Reverse Mortgages and Your Taxes
December 2, 2008 · Print This Article
Being a senior in retirement, one of your major concerns is probably how much you will be paying in taxes each year, since it can really affect your cash flow. You likely think about it when determining how much of your RRSPs to withdraw, since upon withdrawal the funds are no longer tax sheltered.
The beautiful thing about the Canadian Home Income Plan (CHIP) reverse mortgage is that the proceeds you receive from the loan (also known as your home equity) are not considered income – even if it’s invested in an account or annuity with monthly withdrawals. This is because the home equity you are accessing has already been taxed, since you purchased your home with after-tax dollars.
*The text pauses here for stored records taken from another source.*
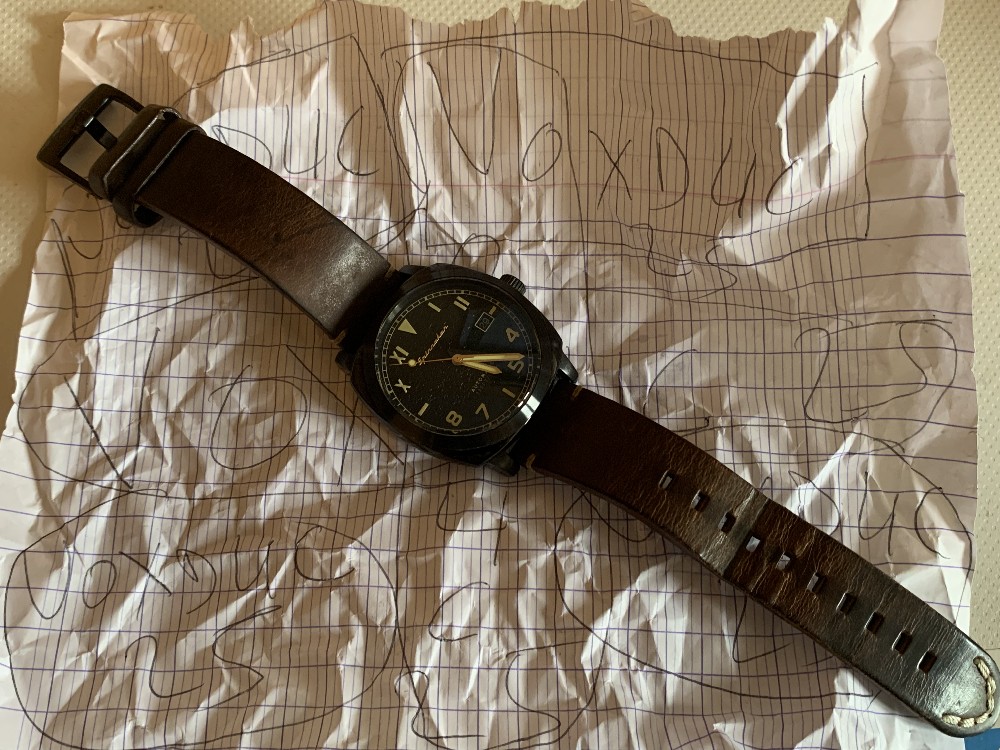 Bracelet cuir épais d'origine, marqué par son utilisation régulière mais parfaitement utilisable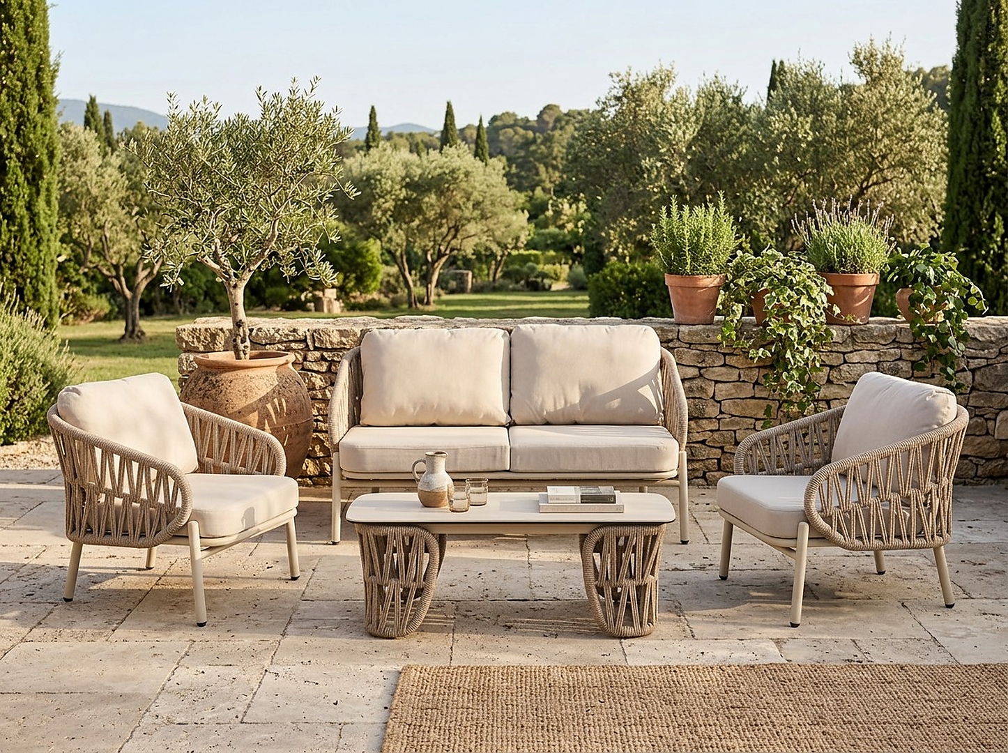 • Двомісний диван, 2 зручні крісла та великий журнальний столик• Ідеально підходить для щоденного відпочинку, кави та дружніх зустрічей• Універсальні пропорції, що пасують до саду, тераси та патіо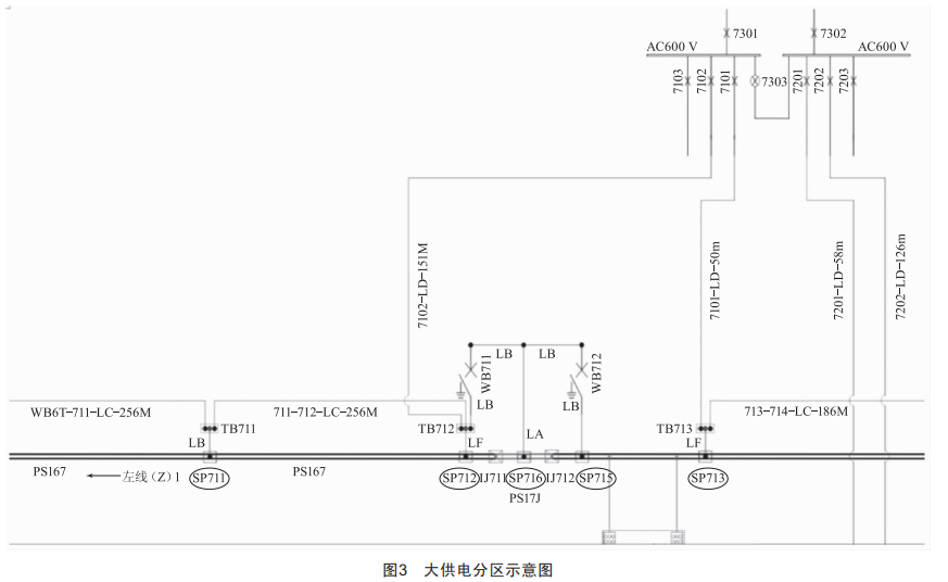 大供電分區(qū)(以圖3中PS167區(qū)為例)一般從區(qū)間開始到站臺(tái)位置結(jié)束(越過站臺(tái)約40m),這類供電大區(qū)有一個(gè)上級(jí)電源(圖3中7102饋線開關(guān)),另外與鄰區(qū)通過合上軌旁開關(guān)進(jìn)行越區(qū)供電:在供電區(qū)中有3個(gè)集中上網(wǎng)的位置,分別為上級(jí)電源上網(wǎng)位置(4組上網(wǎng)電纜)、區(qū)間上網(wǎng)位置(3組上網(wǎng)電纜)以及供電區(qū)末端的上網(wǎng)位置(4組或3組電纜)。此類供電區(qū)經(jīng)測(cè)算得出,只需保留7組上網(wǎng)電纜即可滿足供電需求,計(jì)劃通過撤除區(qū)間上網(wǎng)位置3組上網(wǎng)電纜以及末端上網(wǎng)位置1組上網(wǎng)電纜,對(duì)區(qū)間電纜進(jìn)行核減改造,經(jīng)統(tǒng)計(jì)共可撤除上網(wǎng)點(diǎn)48處(144根電纜)。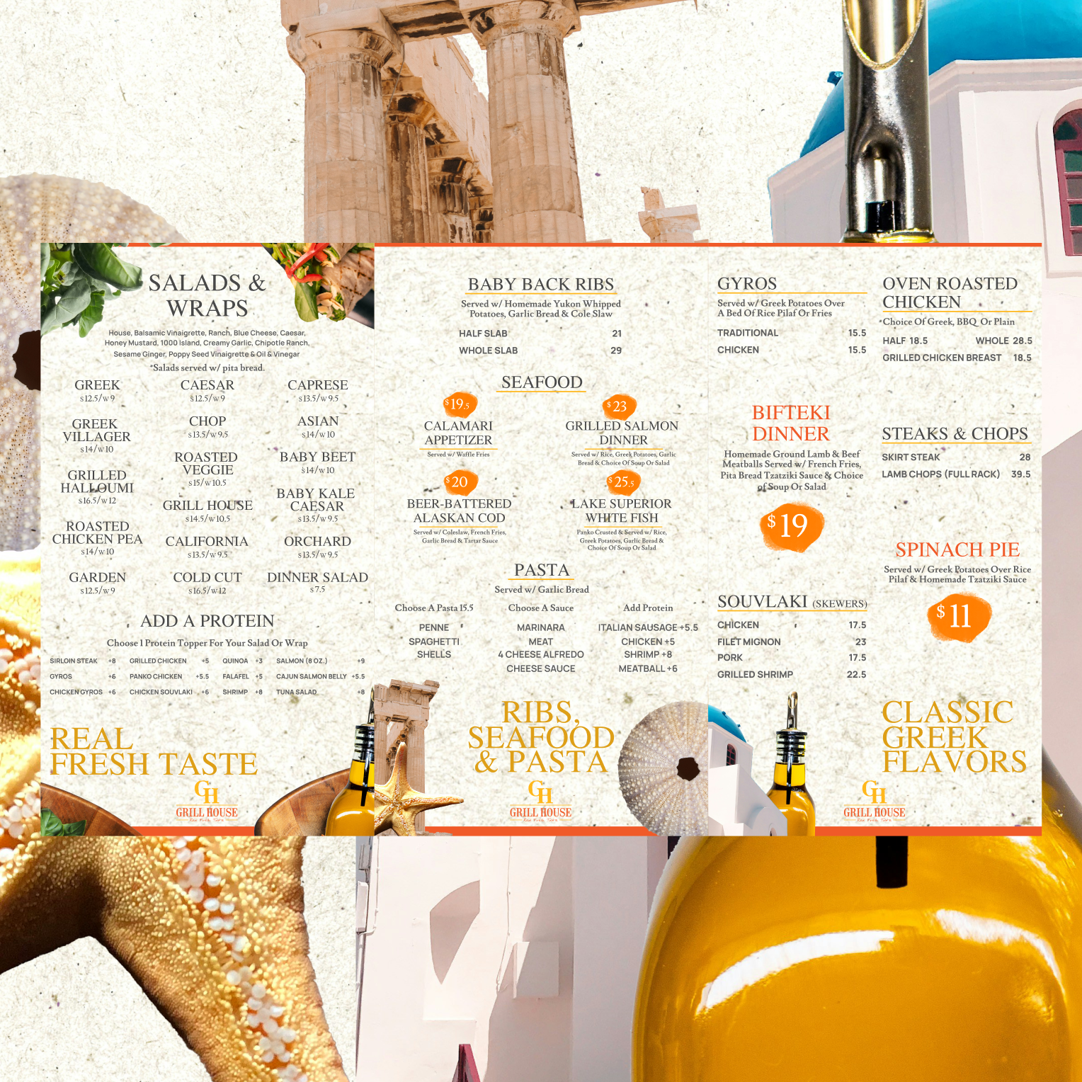 Grill House is a Greek restaurant in Chicago’s northern suburbs. The menu focuses on fresh Mediterranean flavors. Casual and approachable.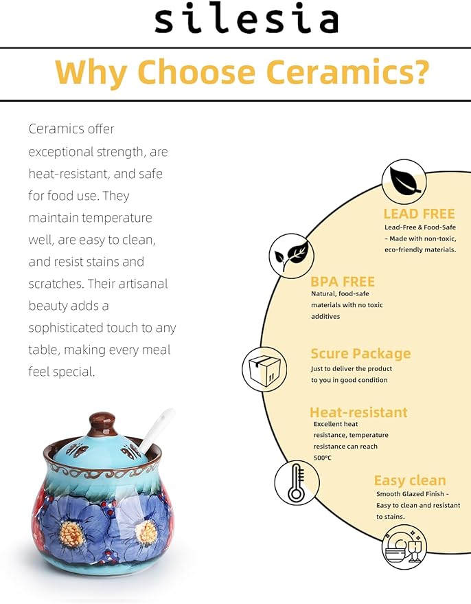 • Beautiful Hand-Painted Design: The sugar bowl features a unique, hand-painted design, showcasing vibrant colors and intricate patterns. This artisanal touch adds charm and character, making it a perfect decorative piece for your kitchen or dining table. Each piece is slightly different, reflecting the craftsmanship behind it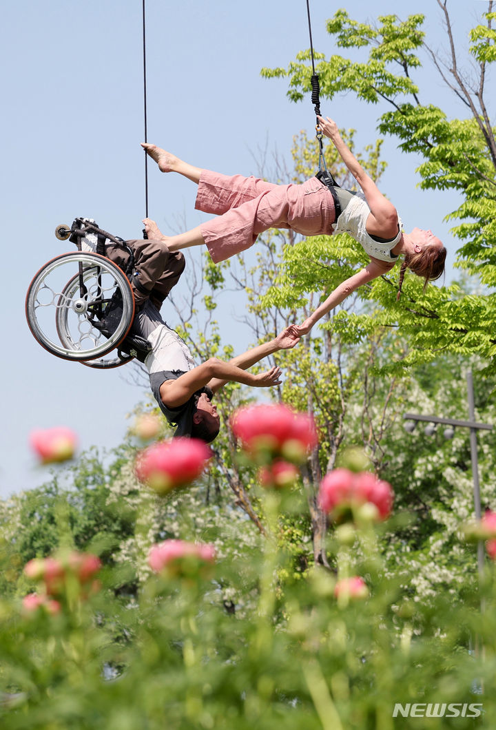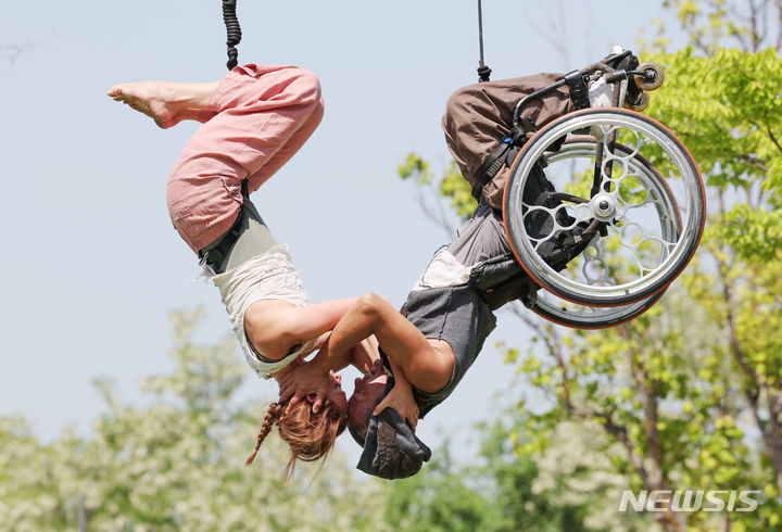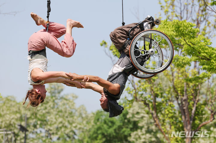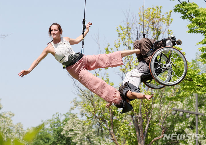 こどもの日の連休が迫った3日、ソウル市竜山区のノドゥルソムで開かれた「2024ソウル・サーカスフェスティバル」の主要作品試演会で、クロエ・ロフタス&ロドニー・ベル(Chloe Loftus & Rodney Bell)が「私たちの間の空気(The Air Between Us)」の公演を披露している。きたる4日・5日の両日行われる韓国唯一のサーカスの祭典「ソウル・サーカスフェスティバル」では、伝統的な演戯から現代作品に至るまで、韓国国内および海外のサーカス公演17本とサーカスを直接体験してみることができるプログラムが披露される予定だ。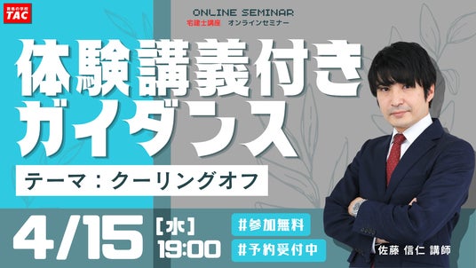 宅建士試験対策講座を展開しているTAC株式会社(東京都千代田区)は、4/15(水)19:00より宅建試験に説明する無料オンラインセミナーを開催します。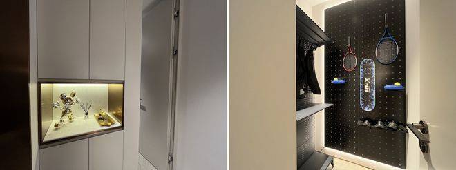 建面约205㎡户型进门处,在保留原有储藏室的基础上增设了玄关柜,钥匙、零钱包、门卡之类的小物可随手摆放;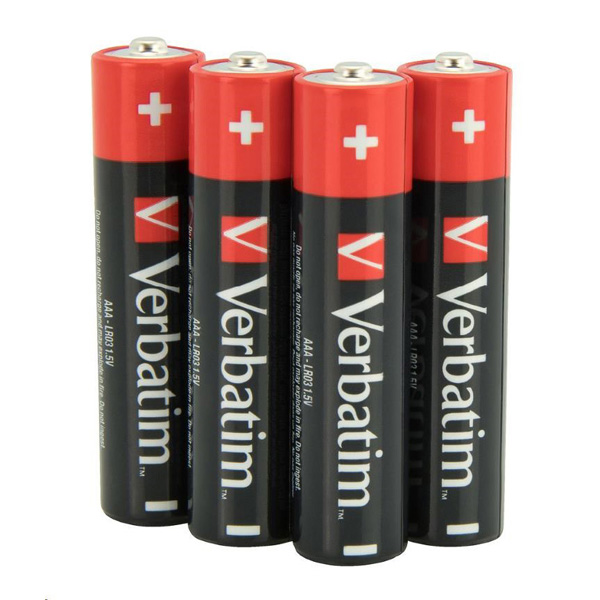 Batéria jednorázová alkalická, tužková, AAA, 1.5V, Verbatim, fólia, 4-pack, 49500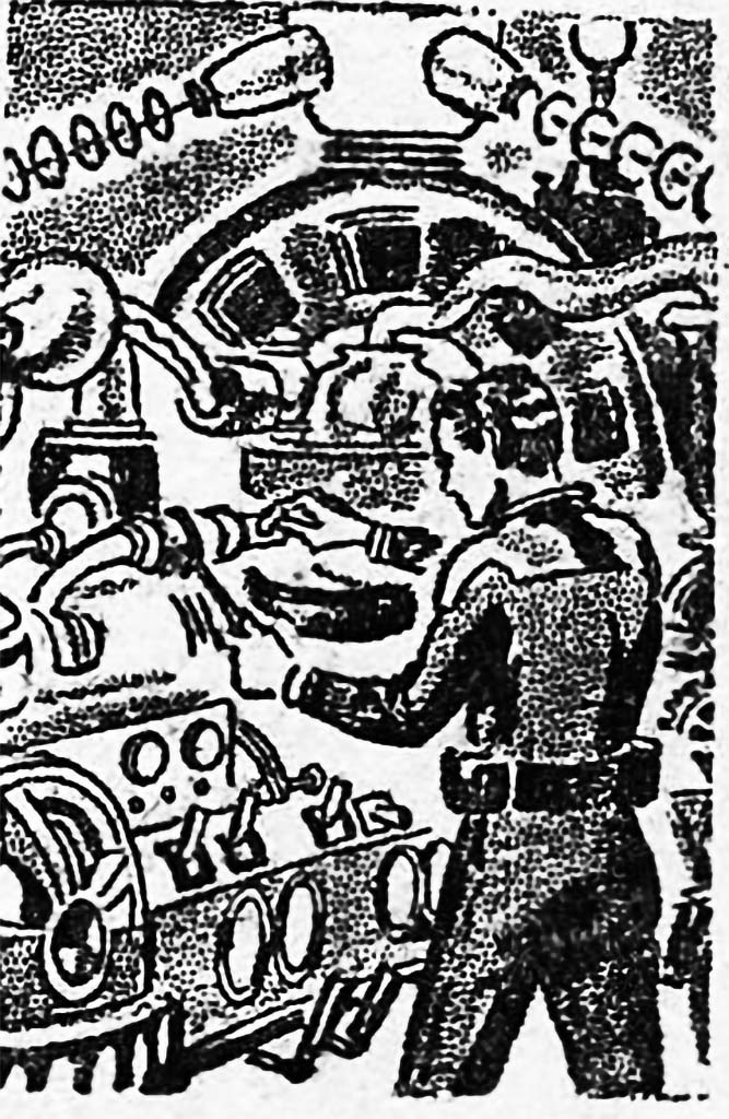 Неукротимая энергия Капитана Фьючера побуждала всех работать. Могучий Грэг втащил массивные цилиндрические генераторы в крейсер, предварительно освободив для них место. Курт Ньютон и Ото трудились, подготавливая прочные платформы и прикручивая механизмы на место. Мозг, ловко используя свои тяговые лучи вместо рук, безошибочно соединял сложные электрические кабели.

So you already know that you don’t pay taxes on your Canadian reverse mortgage money, but you also remain at the same tax rate since the reverse mortgage loan proceeds don’t push you into the next tax bracket. Additionally, your Old Age Security (OAS) or Guaranteed Income Supplement (GIS) incomes aren’t affected since, once again, the CHIP loan funds are not income.
What CHIP does do for you, however, is increase your cash flow or allow you to withdraw your equity to use for home renovations, travel, debt repayment or just something fun. Basically, you always end up in a better situation with better cash flow than you would have had if you had not gotten a CHIP reverse mortgage.